What you are asked to do:
Please restate every entry exactly. Leave out the pictures.

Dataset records
--
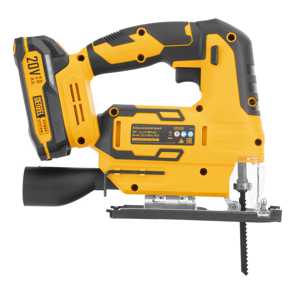 Аккумуляторный лобзик Denzel CJH-20-80 27205 работает от источника питания Li-Ion 20 В и предназначен для прямого и фигурного реза деревянных заготовок, а также листовых материалов из древесины, металла, пластика. Ход пилки составляет 20 мм, максимальная глубина пропила в древесине достигает 80 мм, в стали — 5 мм, в алюминии — 12 мм. Частота хода пилки регулируется в диапазоне 0-3000 ход/мин, что позволяет эффективно решать поставленные задачи. Предусмотрена возможность подключения пылесоса для обеспечения чистоты в рабочей зоне.
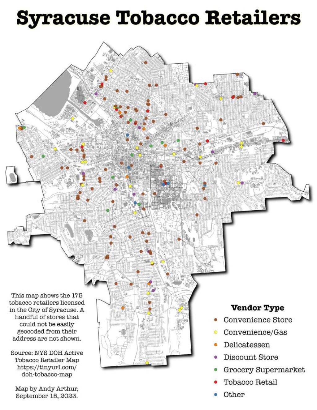 Download a High Resolution JPEG Image of the Syracuse Tobacco Retailers Map or an Adobe Acrobat Printable PDF of the Thematic Syracuse Tobacco Retailers Map.
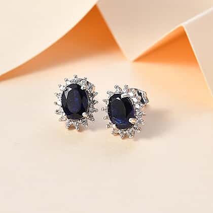 Masoala Sapphire & Natural Zircon Stud Earrings with Push Back in Platinum Overlay Sterling Silver 2.97 Ct.
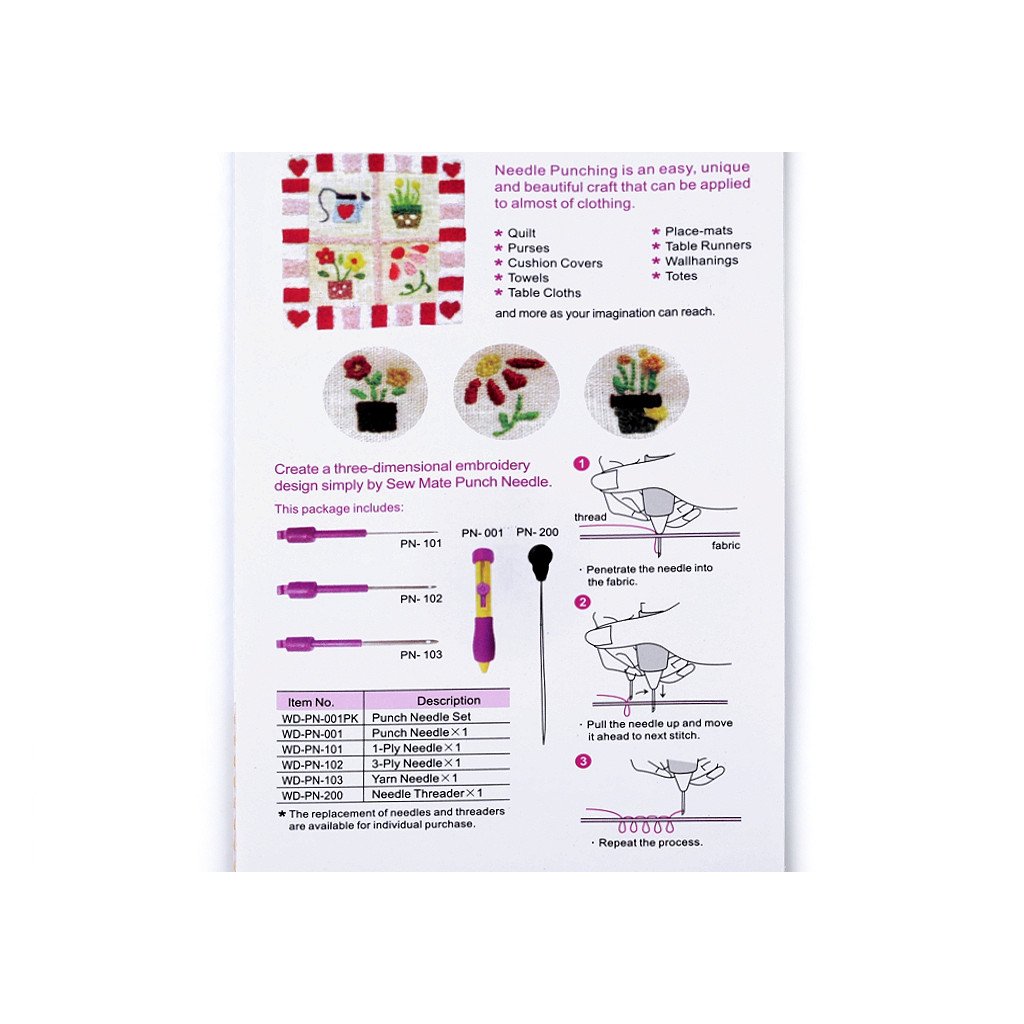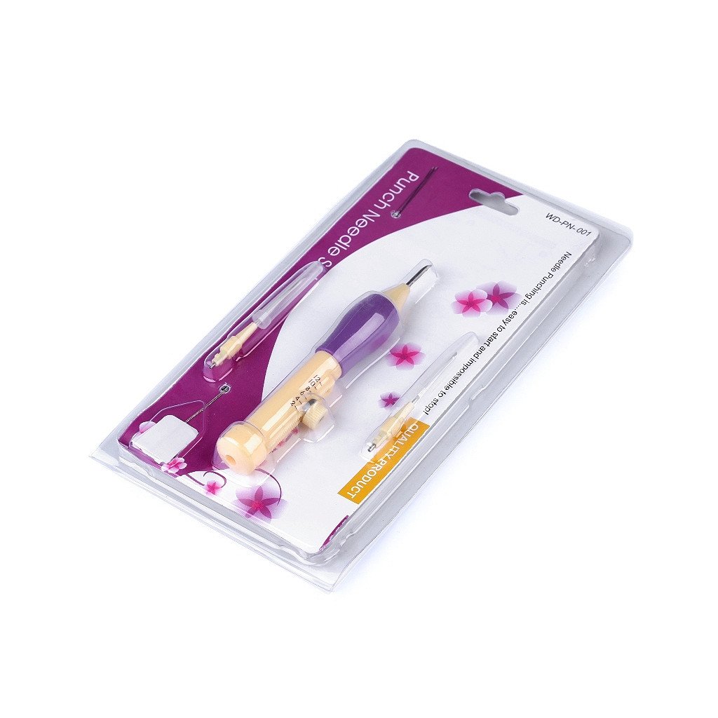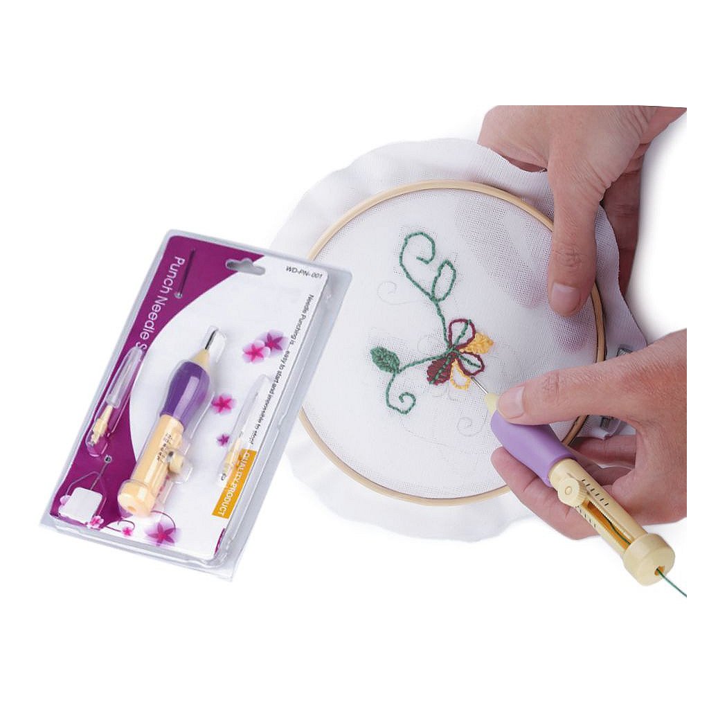 Sticken mit einer Hohlnadel ist einfach und schnell. Die Nadel wird nur in den Stoff eingestochen, nicht durchgefädelt. Beim Sticken sollte sie senkrecht zum Stoff stehen. Der zu bestickende Baumwollfaden wird mit einem langen Nadeleinfädler eingefädelt. Man stickt, indem man den Stoff durchsticht und die Nadel knapp über dem Stoff wieder herauszieht, die Spitze leicht in Stickrichtung bewegt und den Vorgang wiederholt. Achten Sie darauf, nicht zu stark am Garn zu ziehen, da die Stiche sonst ausfransen. Solange das gesamte Motiv nicht beispielsweise mit einem Überzug auf der Rückseite fixiert ist, löst es sich vollständig auf, da es von der Rückseite nicht fixiert wird. Diese Technik eignet sich für Bilder, die auf die Rückseite geklebt und eventuell hinter Glas gerahmt werden. Wenn Sie beispielsweise Kleidung besticken möchten, ist eine klassische Nadel besser geeignet. Eine detaillierte Bildanleitung befindet sich in der Verpackung. Das Set beinhaltet: eine Hohlnadel mit Ø2 mm, 2 Nadeln mit Ø1,6 und 1,3 mm, 2 lange Nadeleinfädler.
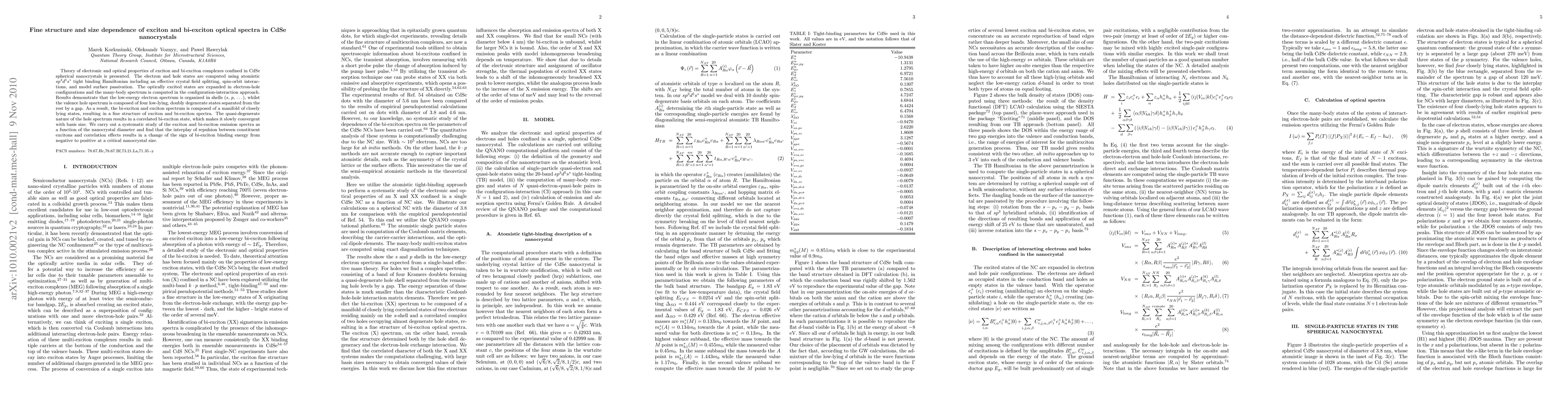 Theory of electronic and optical properties of exciton and bi-exciton complexes confined in CdSe spherical nanocrystals is presented. The electron and hole states are computed using atomistic $sp^3d^5s^*$ tight binding Hamiltonian including an effective crystal field splitting, spin-orbit interactions, and model surface passivation. The optically excited states are expanded in electron-hole configurations and the many-body spectrum is computed in the configuration-interaction approach. Results demonstrate that the low-energy electron spectrum is organized in shells ($s$, $p$, ...), whilst the valence hole spectrum is composed of four low-lying, doubly degenerate states separated from the rest by a gap. As a result, the bi-exciton and exciton spectrum is composed of a manifold of closely lying states, resulting in a fine structure of exciton and bi-exciton spectra. The quasi-degenerate nature of the hole spectrum results in a correlated bi-exciton state, which makes it slowly convergent with basis size. We carry out a systematic study of the exciton and bi-exciton emission spectra as a function of the nanocrystal diameter and find that the interplay of repulsion between constituent excitons and correlation effects results in a change of the sign of bi-exciton binding energy from negative to positive at a critical nanocrystal size.
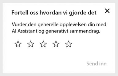 Etter at du har brukt KI-funksjonene fire eller flere ganger, ber Acrobat eller Acrobat Reader deg rangere totalopplevelsen med funksjonene AI Assistant og Generativt sammendrag. Velg en rangeringen og send inn. Kontrollprogrammet viser et tekstfelt hvor du kan gi tilbakemeldingen hvis rangeringen din er to eller mindre.
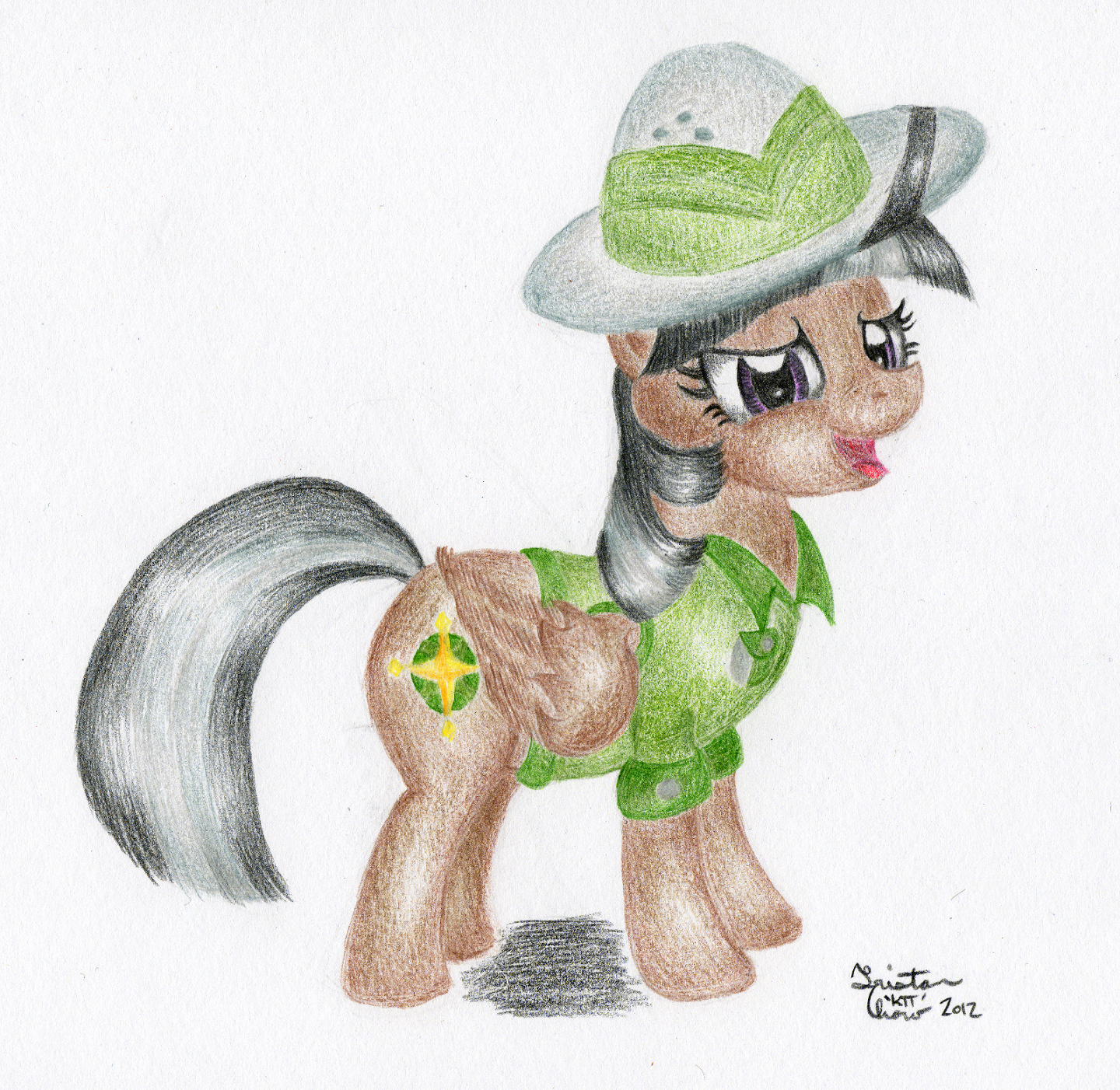 No amount of tone adjusting could get the coat to look like it does in real life. For whatever reason the scanner really, really likes to pick up the brown outline, but not the umber in the middle, so she appears browner with larger highlights than she should.
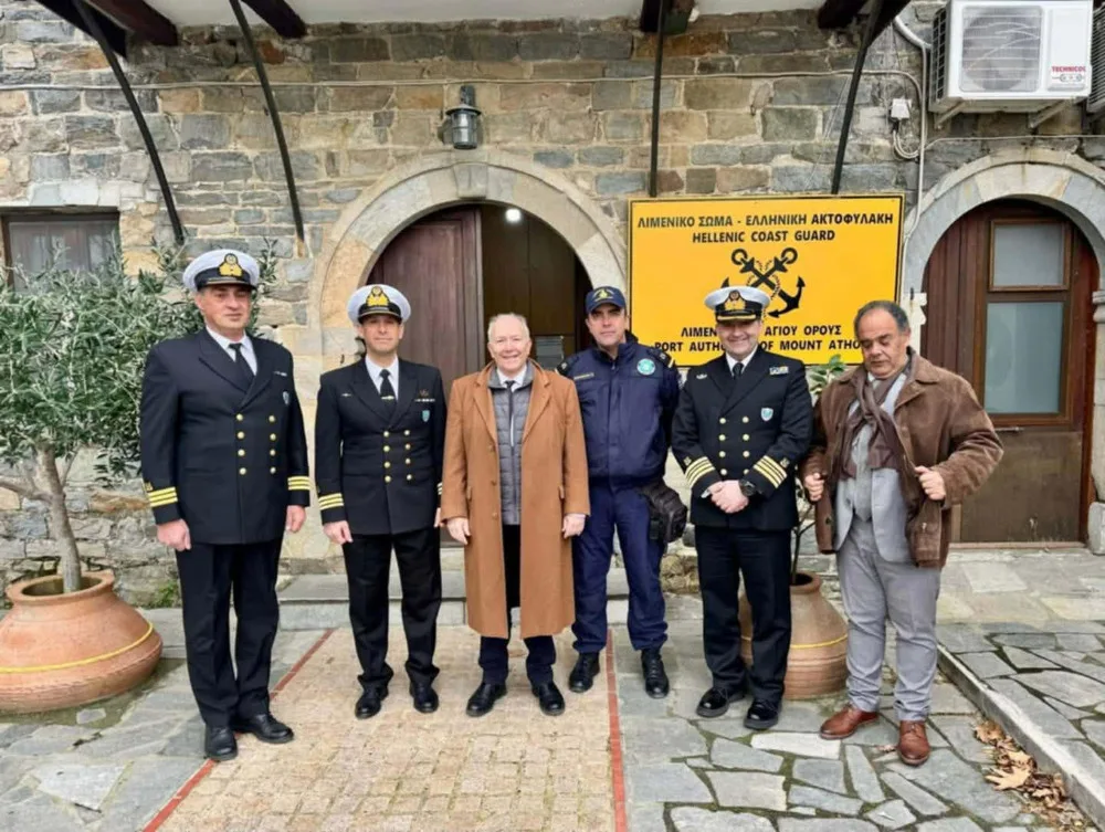 Αρχικά, στο Λιμάνι της Δάφνης, έγινε δεκτός από τον Λιμενάρχη Αγίου Όρους Πλωτάρχη Λ. Σ Σωτήριο Βουγιούκα, επισκέφτηκε το Λιμεναρχείο Αγίου Όρους όπου συνομίλησε με τα στελέχη του Λιμεναρχείου για τα θέματα που απασχολούν την Υπηρεσία.
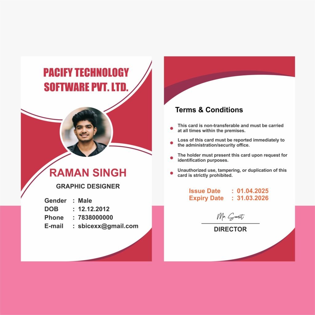 Download Red ID Card Best Design Free CDR Template for Employees from softfiles.in. This modern and professional ID card template is designed in a clean vertical layout, perfect for schools, colleges, universities, coaching institutes, and training centers. Fully editable and print-ready, you can easily customize student details, photo, logo, and colors.
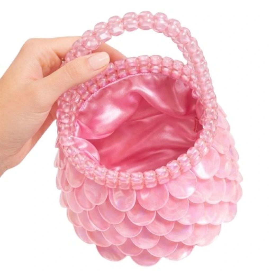 Çantanın dış yüzeyi, damla formunda hassas kesilmiş doğal sedef modüllerin, kontrollü bindirme (overlapping) tekniğiyle üç boyutlu bir kabuk mimarisi oluşturacak şekilde kurgulanmasıyla meydana gelir. Bu ölçekli katmanlama sistemi, yüzeyde ritmik bir akış sağlarken; ışığın farklı açılardan kırılmasını optimize eden yarı-organik bir doku üretir. Her bir sedef plaka, doğal malzemenin lif yönüne paralel biçimde işlenmiş olup, yüzey boyunca homojen bir parlaklık dağılımı elde edilmiştir.
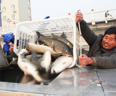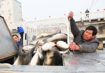 “绿色鱼”游进大市场 1月17日,冷集镇李洲村农民正在捕获、销售刚起网的“绿色鱼”。去年谷城县供电公司加大农村配网改造投资力度,全县238个村庄高低压线路得到改造。线径细、供电半径不足问题得到很好解决。电没了“卡口”,该县农民养殖的近4万亩“绿色鱼”产量翻番,收入倍增,“绿色鱼”游进大市场。 视界网马明刚摄
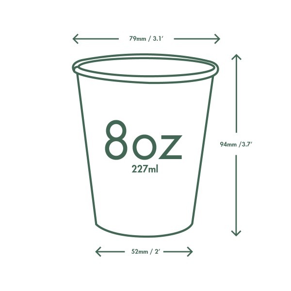 A home compostable 8oz single wall hot cup in our revamped Green Tree design! Fits Vegware’s 79-Series lids. The perfect number for your takeaway flat white. Sustainably-sourced board, lined with a water based lining. Crisp white board with tree in Vegware green. Award-winning quality, made from plants. Designed for home or industrial composting, recyclable in coffee cup recycling schemes – check your local options.
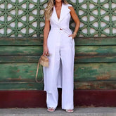 Women's Suit Fall Lapels Sleeveless Solid Color Two-piece Set
--
Written response:
 Аккумуляторный лобзик Denzel CJH-20-80 27205 работает от источника питания Li-Ion 20 В и предназначен для прямого и фигурного реза деревянных заготовок, а также листовых материалов из древесины, металла, пластика. Ход пилки составляет 20 мм, максимальная глубина пропила в древесине достигает 80 мм, в стали — 5 мм, в алюминии — 12 мм. Частота хода пилки регулируется в диапазоне 0-3000 ход/мин, что позволяет эффективно решать поставленные задачи. Предусмотрена возможность подключения пылесоса для обеспечения чистоты в рабочей зоне.
 Download a High Resolution JPEG Image of the Syracuse Tobacco Retailers Map or an Adobe Acrobat Printable PDF of the Thematic Syracuse Tobacco Retailers Map.
 Masoala Sapphire & Natural Zircon Stud Earrings with Push Back in Platinum Overlay Sterling Silver 2.97 Ct.
 Sticken mit einer Hohlnadel ist einfach und schnell. Die Nadel wird nur in den Stoff eingestochen, nicht durchgefädelt. Beim Sticken sollte sie senkrecht zum Stoff stehen. Der zu bestickende Baumwollfaden wird mit einem langen Nadeleinfädler eingefädelt. Man stickt, indem man den Stoff durchsticht und die Nadel knapp über dem Stoff wieder herauszieht, die Spitze leicht in Stickrichtung bewegt und den Vorgang wiederholt. Achten Sie darauf, nicht zu stark am Garn zu ziehen, da die Stiche sonst ausfransen. Solange das gesamte Motiv nicht beispielsweise mit einem Überzug auf der Rückseite fixiert ist, löst es sich vollständig auf, da es von der Rückseite nicht fixiert wird. Diese Technik eignet sich für Bilder, die auf die Rückseite geklebt und eventuell hinter Glas gerahmt werden. Wenn Sie beispielsweise Kleidung besticken möchten, ist eine klassische Nadel besser geeignet. Eine detaillierte Bildanleitung befindet sich in der Verpackung. Das Set beinhaltet: eine Hohlnadel mit Ø2 mm, 2 Nadeln mit Ø1,6 und 1,3 mm, 2 lange Nadeleinfädler.
 Theory of electronic and optical properties of exciton and bi-exciton complexes confined in CdSe spherical nanocrystals is presented. The electron and hole states are computed using atomistic $sp^3d^5s^*$ tight binding Hamiltonian including an effective crystal field splitting, spin-orbit interactions, and model surface passivation. The optically excited states are expanded in electron-hole configurations and the many-body spectrum is computed in the configuration-interaction approach. Results demonstrate that the low-energy electron spectrum is organized in shells ($s$, $p$, ...), whilst the valence hole spectrum is composed of four low-lying, doubly degenerate states separated from the rest by a gap. As a result, the bi-exciton and exciton spectrum is composed of a manifold of closely lying states, resulting in a fine structure of exciton and bi-exciton spectra. The quasi-degenerate nature of the hole spectrum results in a correlated bi-exciton state, which makes it slowly convergent with basis size. We carry out a systematic study of the exciton and bi-exciton emission spectra as a function of the nanocrystal diameter and find that the interplay of repulsion between constituent excitons and correlation effects results in a change of the sign of bi-exciton binding energy from negative to positive at a critical nanocrystal size.
 Etter at du har brukt KI-funksjonene fire eller flere ganger, ber Acrobat eller Acrobat Reader deg rangere totalopplevelsen med funksjonene AI Assistant og Generativt sammendrag. Velg en rangeringen og send inn. Kontrollprogrammet viser et tekstfelt hvor du kan gi tilbakemeldingen hvis rangeringen din er to eller mindre.
 No amount of tone adjusting could get the coat to look like it does in real life. For whatever reason the scanner really, really likes to pick up the brown outline, but not the umber in the middle, so she appears browner with larger highlights than she should.
 Αρχικά, στο Λιμάνι της Δάφνης, έγινε δεκτός από τον Λιμενάρχη Αγίου Όρους Πλωτάρχη Λ. Σ Σωτήριο Βουγιούκα, επισκέφτηκε το Λιμεναρχείο Αγίου Όρους όπου συνομίλησε με τα στελέχη του Λιμεναρχείου για τα θέματα που απασχολούν την Υπηρεσία.
 Download Red ID Card Best Design Free CDR Template for Employees from softfiles.in. This modern and professional ID card template is designed in a clean vertical layout, perfect for schools, colleges, universities, coaching institutes, and training centers. Fully editable and print-ready, you can easily customize student details, photo, logo, and colors.
 Çantanın dış yüzeyi, damla formunda hassas kesilmiş doğal sedef modüllerin, kontrollü bindirme (overlapping) tekniğiyle üç boyutlu bir kabuk mimarisi oluşturacak şekilde kurgulanmasıyla meydana gelir. Bu ölçekli katmanlama sistemi, yüzeyde ritmik bir akış sağlarken; ışığın farklı açılardan kırılmasını optimize eden yarı-organik bir doku üretir. Her bir sedef plaka, doğal malzemenin lif yönüne paralel biçimde işlenmiş olup, yüzey boyunca homojen bir parlaklık dağılımı elde edilmiştir.
 “绿色鱼”游进大市场 1月17日,冷集镇李洲村农民正在捕获、销售刚起网的“绿色鱼”。去年谷城县供电公司加大农村配网改造投资力度,全县238个村庄高低压线路得到改造。线径细、供电半径不足问题得到很好解决。电没了“卡口”,该县农民养殖的近4万亩“绿色鱼”产量翻番,收入倍增,“绿色鱼”游进大市场。 视界网马明刚摄
 A home compostable 8oz single wall hot cup in our revamped Green Tree design! Fits Vegware’s 79-Series lids. The perfect number for your takeaway flat white. Sustainably-sourced board, lined with a water based lining. Crisp white board with tree in Vegware green. Award-winning quality, made from plants. Designed for home or industrial composting, recyclable in coffee cup recycling schemes – check your local options.
 Women's Suit Fall Lapels Sleeveless Solid Color Two-piece Set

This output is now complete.